(Miriam Alster/Flash90)
Iranian nuclear archives

Iranian president acknowledges stolen archive damaged the Islamic Republic.

By Pesach Benson, United With Israel

On Monday, the final day of Iranian president Hassan Rouhani’s administration, the figurehead Iranian leader acknowledged that Israeli agents smuggled out of the country an entire warehouse of nuclear archives in 2018.

“The secrets that the Zionists came and took from inside [the country], published and showed to [former US president Donald] Trump [led him] to abandon the [nuclear] agreement,” Rouhani told government officials at a meeting which was covered by Fars, Iran’s state-run news agency..

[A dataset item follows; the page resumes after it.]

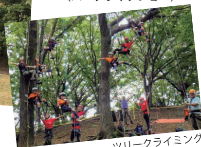
ツリークライミング
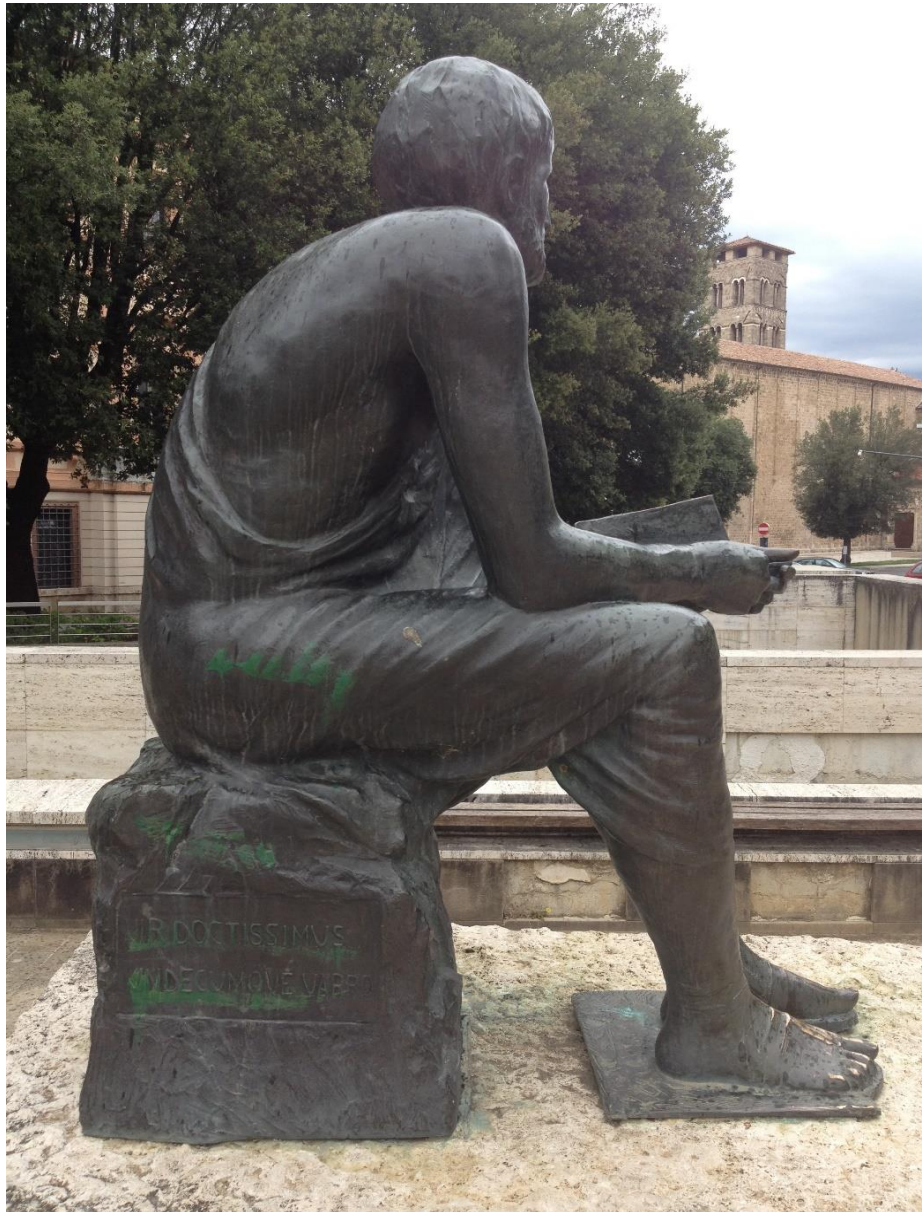
Imago 4: Signum Varronis in foro Oberdan, Rieti

ad utilitatem tum ad perspecuitatem rerum maximopere tendunt (TAYLOR 1977: 131), cui proposito et titulus, ut diximus, et figura dicendi Varronis opportune aptantur (VETTER 1958: 257).

Rouhani claimed he was not confirming the authenticity of the documents.

Rouhani also said Iran is losing the battle of international opinion to Israel.

“Our media could not defeat the conspiracy of the Zionist media,” he said, a day before “Butcher of Tehran” Ebrahim Raisi was inaugurated as the nation’s new president.

Raisi is accused of heinous war crimes, including playing a role in the slaughter of his own people.

In 2018, Mossad operatives broke into a Tehran warehouse and stole approximately 110,000 documents. Rather than make copies, the agents were specifically took the original documents. The half-ton trove was reportedly smuggled back to Israel the same night.

The seized files confirmed Israeli assessments that Iran’s atomic program, Project Amad, was geared towards developing nuclear weapons. Iran continues to maintain that its nuclear program is peaceful, a claim that is widely doubted. Documents shared with the media showed the program was larger and more sophisticated than previously believed.

The archives also identified Project Amad’s key figures, such as Iranian Revolutionary Guards Corps Brig.-Gen. Mohsen Fakhrizadeh, the father of Iran’s nuclear weapons program.

Fakhrizadeh was assassinated in 2020.

According to reports, details from the stolen archives were a critical factor in president Donald Trump’s decision to withdraw the U.S. from the Iranian nuclear agreement in 2018.

Raisi, who was sworn into office on Tuesday morning, is also known as The Butcher of Tehran for overseeing the mass execution of thousands of political prisoners in 1988.